- _Entries shown_:
▼▼▼

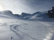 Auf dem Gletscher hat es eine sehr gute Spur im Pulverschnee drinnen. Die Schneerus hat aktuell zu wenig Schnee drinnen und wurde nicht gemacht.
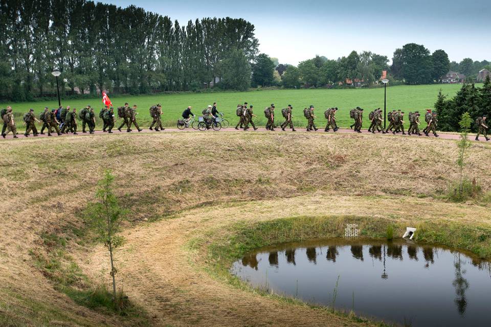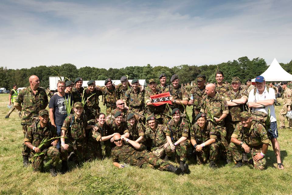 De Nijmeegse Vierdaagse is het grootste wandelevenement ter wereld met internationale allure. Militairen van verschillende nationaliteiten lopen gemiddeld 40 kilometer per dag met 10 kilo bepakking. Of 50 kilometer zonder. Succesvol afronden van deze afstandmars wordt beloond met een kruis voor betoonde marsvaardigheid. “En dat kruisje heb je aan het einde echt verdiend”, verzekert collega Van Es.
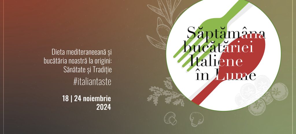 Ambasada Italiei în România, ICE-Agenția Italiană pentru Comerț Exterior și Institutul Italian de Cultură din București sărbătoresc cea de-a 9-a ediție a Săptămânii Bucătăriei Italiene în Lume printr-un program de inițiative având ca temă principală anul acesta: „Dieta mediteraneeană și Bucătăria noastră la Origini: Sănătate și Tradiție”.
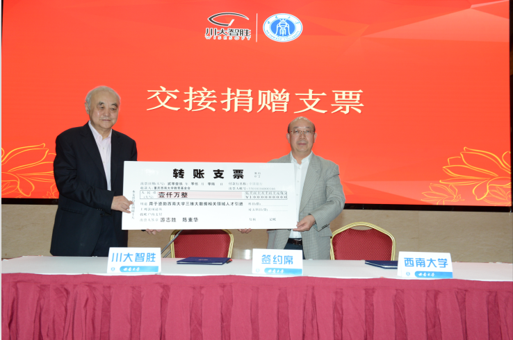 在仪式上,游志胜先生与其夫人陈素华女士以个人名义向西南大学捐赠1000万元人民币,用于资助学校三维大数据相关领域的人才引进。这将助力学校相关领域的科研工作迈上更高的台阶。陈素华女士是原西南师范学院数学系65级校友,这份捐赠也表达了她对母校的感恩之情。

▲▲▲
▼▼▼

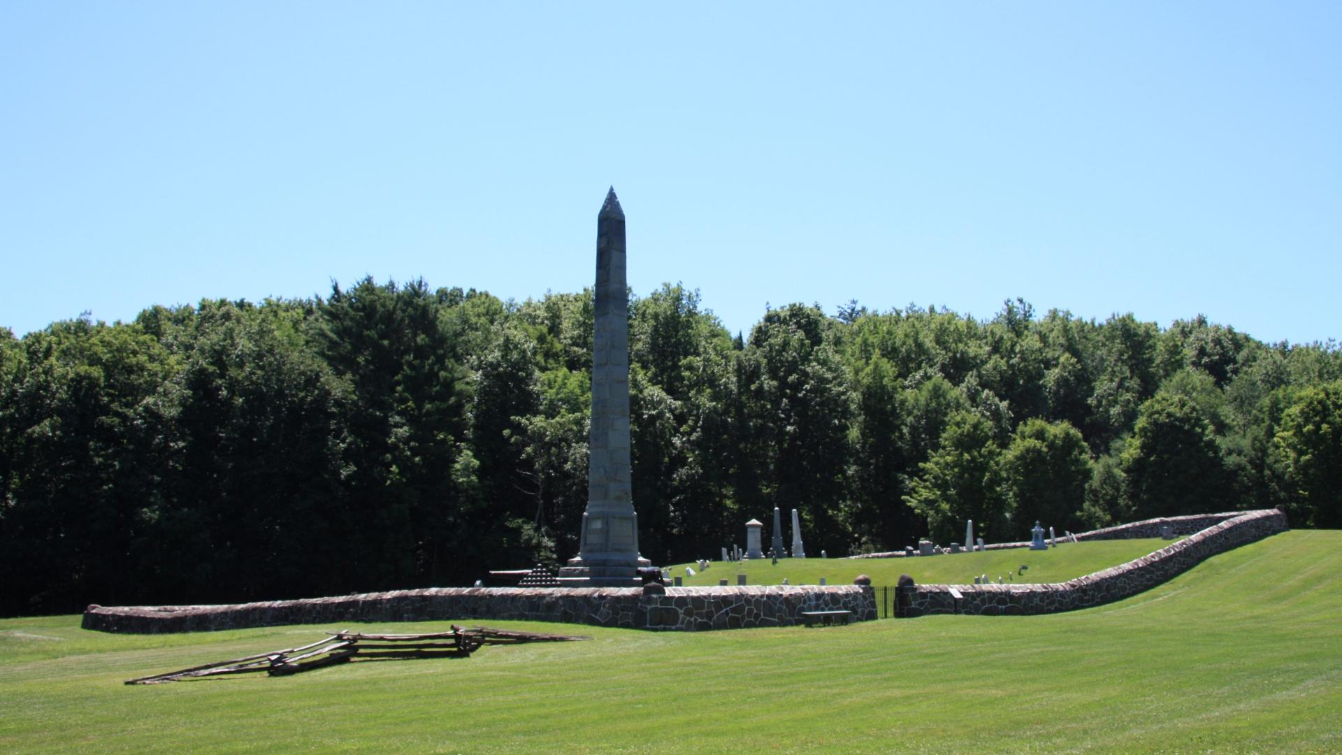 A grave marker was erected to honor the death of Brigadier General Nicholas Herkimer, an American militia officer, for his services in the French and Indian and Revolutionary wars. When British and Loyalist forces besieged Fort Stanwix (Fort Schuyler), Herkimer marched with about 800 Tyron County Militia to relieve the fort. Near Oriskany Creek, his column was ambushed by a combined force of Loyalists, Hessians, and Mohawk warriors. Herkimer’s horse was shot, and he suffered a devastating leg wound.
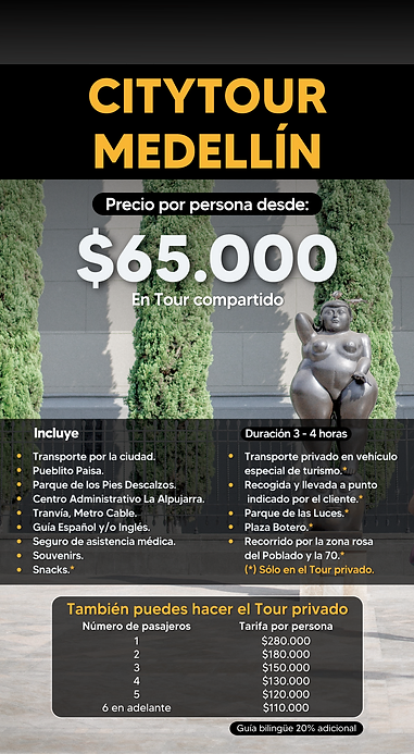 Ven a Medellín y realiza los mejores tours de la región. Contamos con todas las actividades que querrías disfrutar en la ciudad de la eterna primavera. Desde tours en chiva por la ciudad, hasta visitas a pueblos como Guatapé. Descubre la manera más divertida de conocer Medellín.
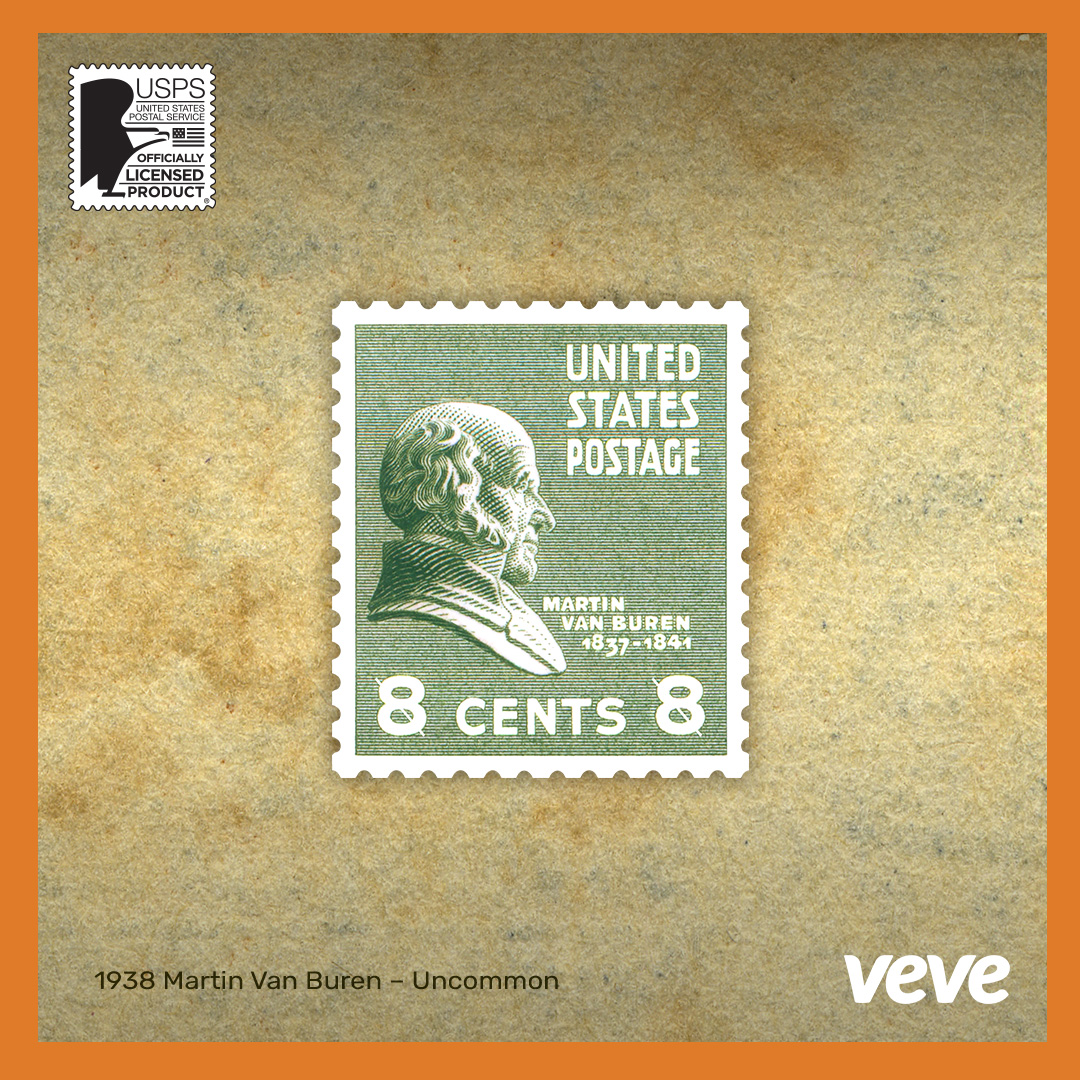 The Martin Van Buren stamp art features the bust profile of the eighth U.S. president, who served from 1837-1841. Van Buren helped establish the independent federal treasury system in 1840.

▲▲▲
▼▼▼

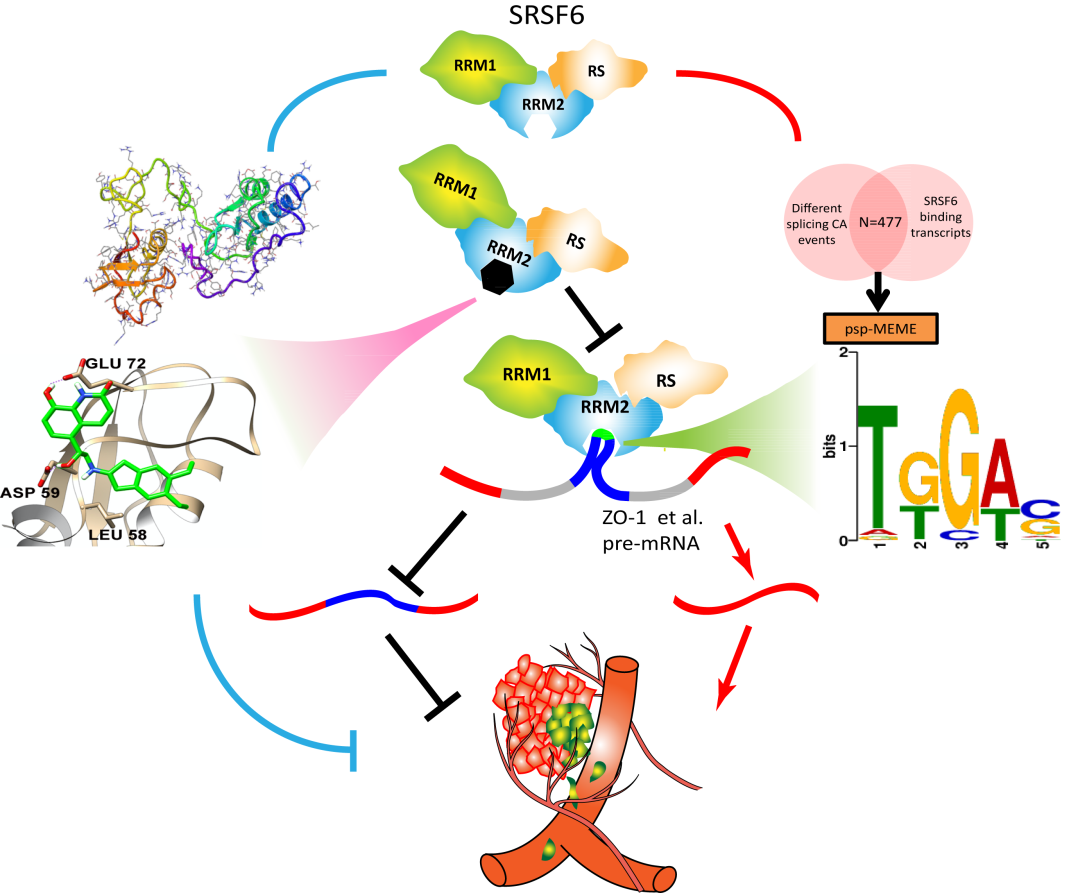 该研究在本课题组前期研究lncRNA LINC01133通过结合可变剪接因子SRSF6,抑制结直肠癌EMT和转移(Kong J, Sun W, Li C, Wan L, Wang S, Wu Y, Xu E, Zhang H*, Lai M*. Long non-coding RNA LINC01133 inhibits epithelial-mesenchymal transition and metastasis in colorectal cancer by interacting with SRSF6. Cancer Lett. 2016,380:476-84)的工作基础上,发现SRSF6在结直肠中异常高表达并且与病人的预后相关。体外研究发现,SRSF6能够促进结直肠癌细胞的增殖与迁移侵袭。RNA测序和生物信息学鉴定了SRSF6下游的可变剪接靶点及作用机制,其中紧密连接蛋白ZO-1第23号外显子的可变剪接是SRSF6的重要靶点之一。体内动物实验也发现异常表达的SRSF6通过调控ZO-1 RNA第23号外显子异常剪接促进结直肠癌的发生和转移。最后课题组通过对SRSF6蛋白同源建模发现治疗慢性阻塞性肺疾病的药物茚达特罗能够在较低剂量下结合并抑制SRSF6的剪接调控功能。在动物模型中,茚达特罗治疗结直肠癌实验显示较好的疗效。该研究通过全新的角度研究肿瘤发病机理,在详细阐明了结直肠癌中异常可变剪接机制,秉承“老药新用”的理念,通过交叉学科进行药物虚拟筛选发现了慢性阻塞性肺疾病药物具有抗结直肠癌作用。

▲▲▲

- _Task to carry out_: Of all the material above, only the lines from the one that has "Ambasada Italiei în" down to the one that has "在仪式上,游志胜先生与其夫人" are to be written out, exactly and with both ends included. Pictures are skipped.

- _Task result_:
 Ambasada Italiei în România, ICE-Agenția Italiană pentru Comerț Exterior și Institutul Italian de Cultură din București sărbătoresc cea de-a 9-a ediție a Săptămânii Bucătăriei Italiene în Lume printr-un program de inițiative având ca temă principală anul acesta: „Dieta mediteraneeană și Bucătăria noastră la Origini: Sănătate și Tradiție”.
 在仪式上,游志胜先生与其夫人陈素华女士以个人名义向西南大学捐赠1000万元人民币,用于资助学校三维大数据相关领域的人才引进。这将助力学校相关领域的科研工作迈上更高的台阶。陈素华女士是原西南师范学院数学系65级校友,这份捐赠也表达了她对母校的感恩之情。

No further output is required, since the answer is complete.